PROBLEM TO SOLVE:
Below are records with pictures in them; print them exactly, omitting the pictures.

INPUT:
* * * * *
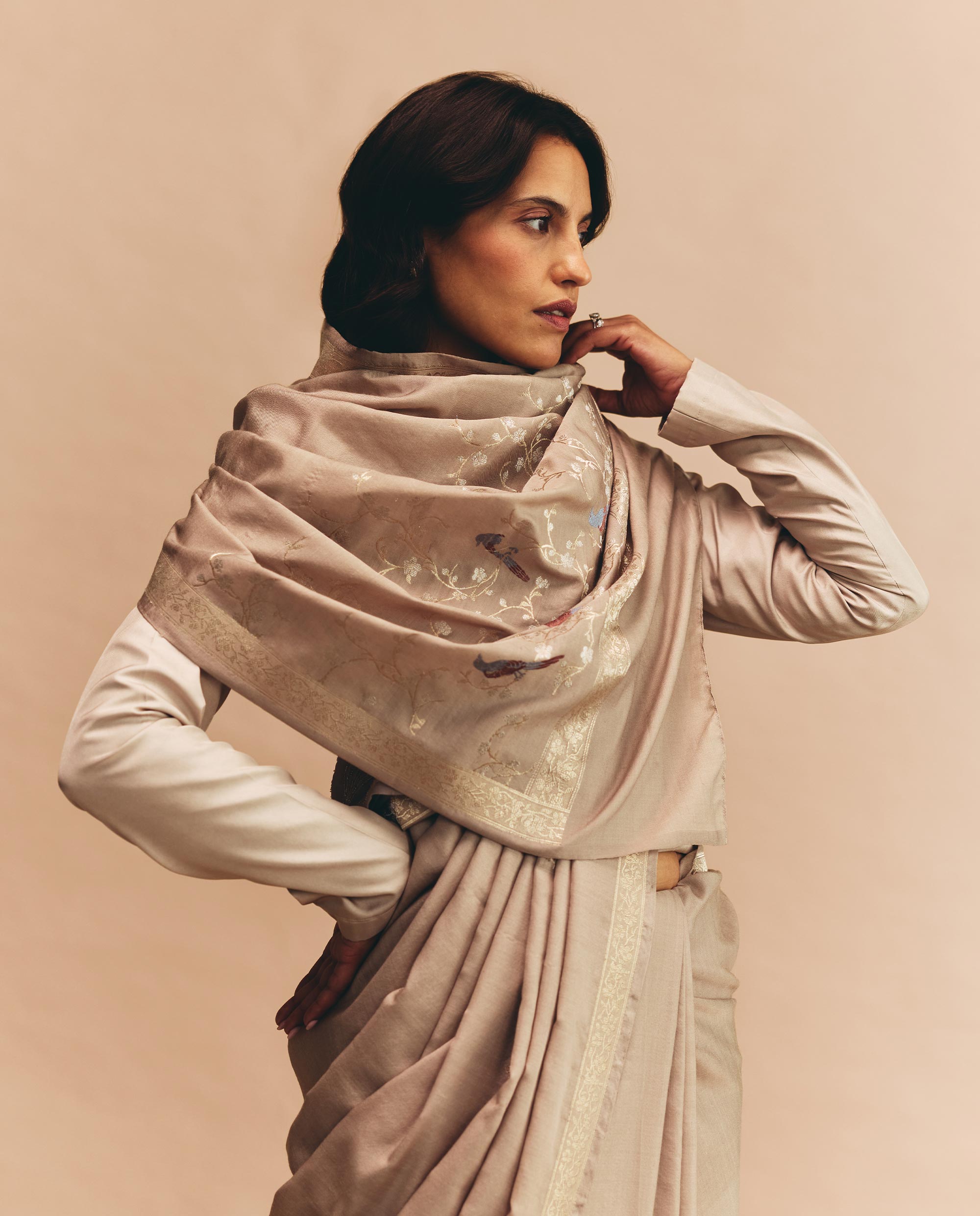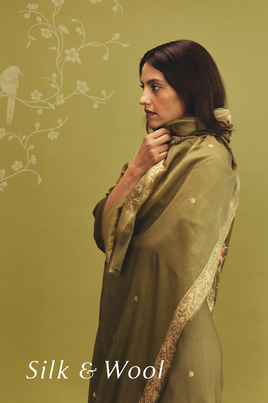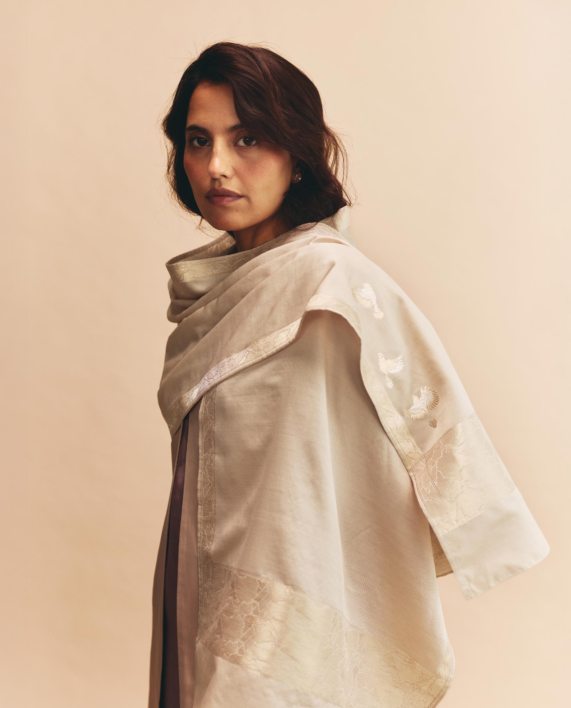 From this stillness, the collection finds its transformation. Silk & Wool turns inwards toward the thresholds where tradition evolves by deliberate design. Rather than ruptures or chance occurrences, the collection emerges from intentional departures. Moments where the familiar is re-examined, where legacy opens itself to new interpretations. The essence of Banarasi’s past is not replicated but consciously rearticulated, imprinted onto the present through refined patterning, earthy palettes, and enduring Kadhua weaves.
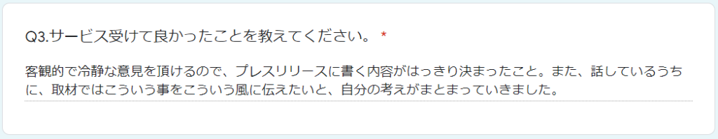 客観的で冷静な意見を頂けるので、プレスリリースに書く内容がはっきり決まったこと。
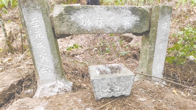 忙碌之中,听闻村人传说还有一处“石人示警”的古迹。随后,在石刻悬崖山上,我们找到了小亭遗址,可惜已遭破坏,杂草丛中石块凌乱。不知何时,有好心人恢复了一个迷你小碑坊,还将横梁倒置。据说石亭中原本供奉着一石人,如今却不知去向,也不知是何方神圣。坊横梁刻有“玄帝行壇”,左右两柱刻“陈汤有礿奉,至元戊寅(前至元十五年1278年或后至元四年1338年)立”,坊下香炉刻“上帝炉,同治丁卯年(1867年)仲冬吉旦立”。翻开地上石料,还发现一块明显遭人为破坏且刻有字的残缺碑,依稀可见“……建修道路募缘芳名开列于左……嘉庆辛酉(1801 年)年仲秋吉日立”,显然这是一块修路纪德碑,却不知因何被移至山顶。
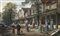 "Village Scene with Figures" oil on paper applied to board (cm 20x32) Signed and dated 1888. Framed
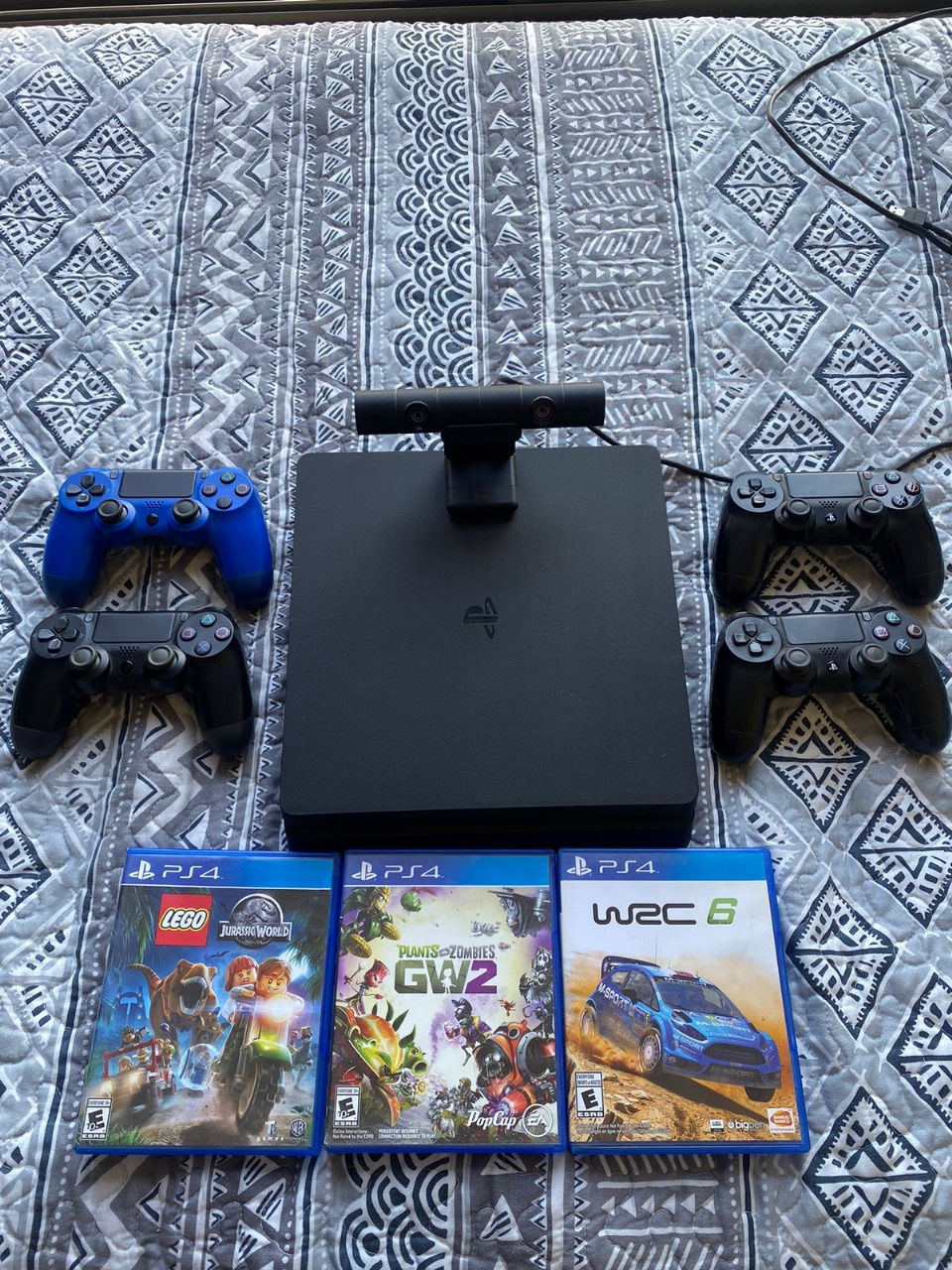 Etiquetas: 2 alternativos, 2 controles originales, 3 juegos, 500 GB, camara, cámara Sony, playstation 4 Slim
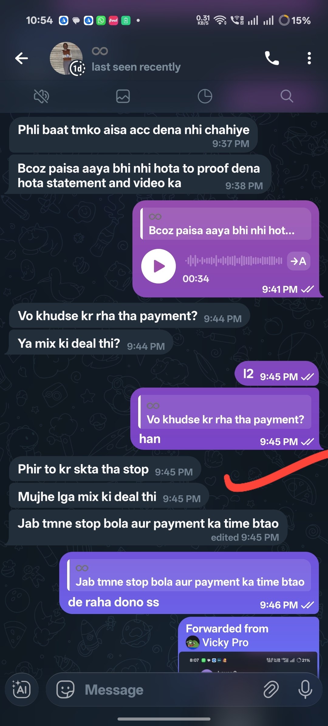 aur tum ko screenshot deke main dubara payment kar raha tha
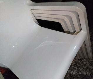 Cinque sedie Tosca Magis in policarbonato colore bianco, in discrete condizioni di conservazione, alcuni graffi e segni in particolare sui braccioli
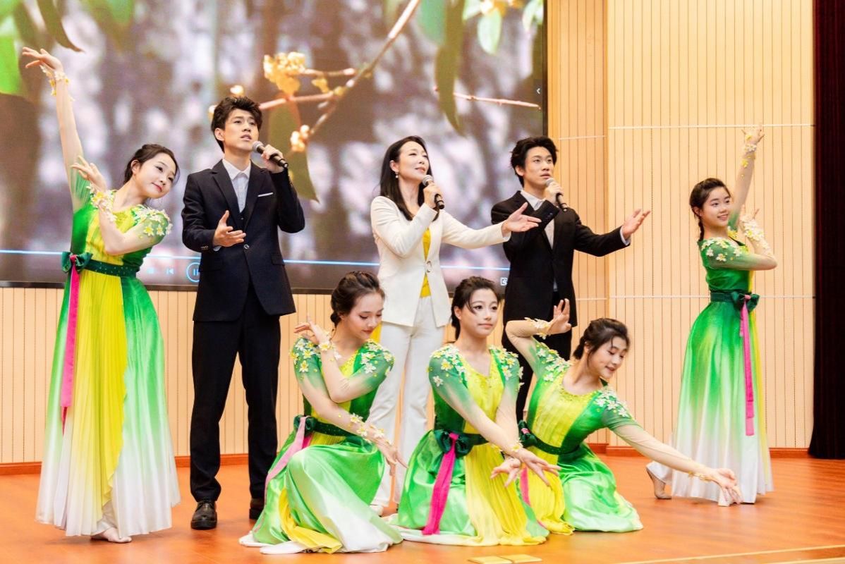 主题诗歌朗诵大会环节,我校新闻传播学院教师徐阳和学生带来诗歌朗诵《华师大,我们的妈妈》。湖北省朗诵艺术家协会常务副会长杨建领衔的朗诵艺术家们为大家带来了诗人严春芳创作的组诗《和平之声》。我校音乐学院教授赵雨薇和学生表演了歌舞《桂花雨》。诗歌朗诵以声音为媒介传播阅读,人们更加直观地感受到诗歌作品中的情感,整个现场氛围热烈。
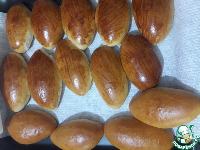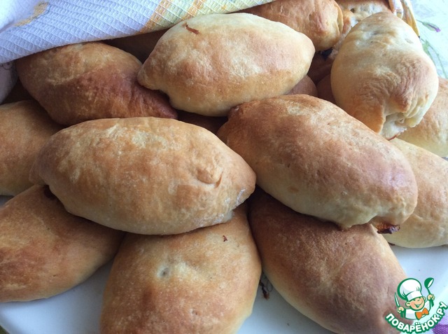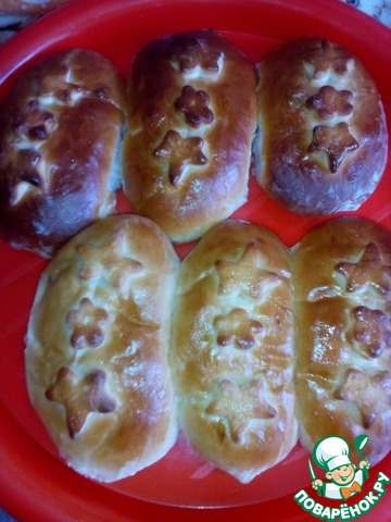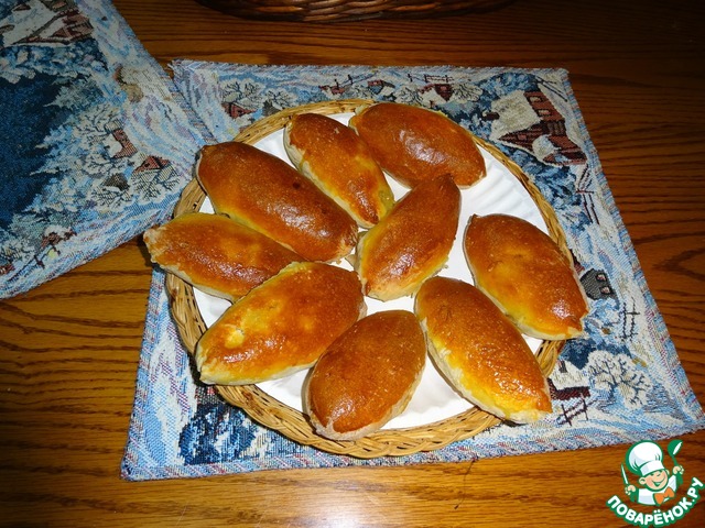 Венчиком слегка взбиваем яичный желток и смазываем поверхность пирожков. Оставляем на 15 минут и затем выпекаем в предварительно разогретой духовке 25 минут, при температуре 190-200 градусов.
* * * * *
EXERCISE SOLUTION:
 From this stillness, the collection finds its transformation. Silk & Wool turns inwards toward the thresholds where tradition evolves by deliberate design. Rather than ruptures or chance occurrences, the collection emerges from intentional departures. Moments where the familiar is re-examined, where legacy opens itself to new interpretations. The essence of Banarasi’s past is not replicated but consciously rearticulated, imprinted onto the present through refined patterning, earthy palettes, and enduring Kadhua weaves.
 客観的で冷静な意見を頂けるので、プレスリリースに書く内容がはっきり決まったこと。
 忙碌之中,听闻村人传说还有一处“石人示警”的古迹。随后,在石刻悬崖山上,我们找到了小亭遗址,可惜已遭破坏,杂草丛中石块凌乱。不知何时,有好心人恢复了一个迷你小碑坊,还将横梁倒置。据说石亭中原本供奉着一石人,如今却不知去向,也不知是何方神圣。坊横梁刻有“玄帝行壇”,左右两柱刻“陈汤有礿奉,至元戊寅(前至元十五年1278年或后至元四年1338年)立”,坊下香炉刻“上帝炉,同治丁卯年(1867年)仲冬吉旦立”。翻开地上石料,还发现一块明显遭人为破坏且刻有字的残缺碑,依稀可见“……建修道路募缘芳名开列于左……嘉庆辛酉(1801 年)年仲秋吉日立”,显然这是一块修路纪德碑,却不知因何被移至山顶。
 "Village Scene with Figures" oil on paper applied to board (cm 20x32) Signed and dated 1888. Framed
 Etiquetas: 2 alternativos, 2 controles originales, 3 juegos, 500 GB, camara, cámara Sony, playstation 4 Slim
 aur tum ko screenshot deke main dubara payment kar raha tha
 Cinque sedie Tosca Magis in policarbonato colore bianco, in discrete condizioni di conservazione, alcuni graffi e segni in particolare sui braccioli
 主题诗歌朗诵大会环节,我校新闻传播学院教师徐阳和学生带来诗歌朗诵《华师大,我们的妈妈》。湖北省朗诵艺术家协会常务副会长杨建领衔的朗诵艺术家们为大家带来了诗人严春芳创作的组诗《和平之声》。我校音乐学院教授赵雨薇和学生表演了歌舞《桂花雨》。诗歌朗诵以声音为媒介传播阅读,人们更加直观地感受到诗歌作品中的情感,整个现场氛围热烈。
 Венчиком слегка взбиваем яичный желток и смазываем поверхность пирожков. Оставляем на 15 минут и затем выпекаем в предварительно разогретой духовке 25 минут, при температуре 190-200 градусов.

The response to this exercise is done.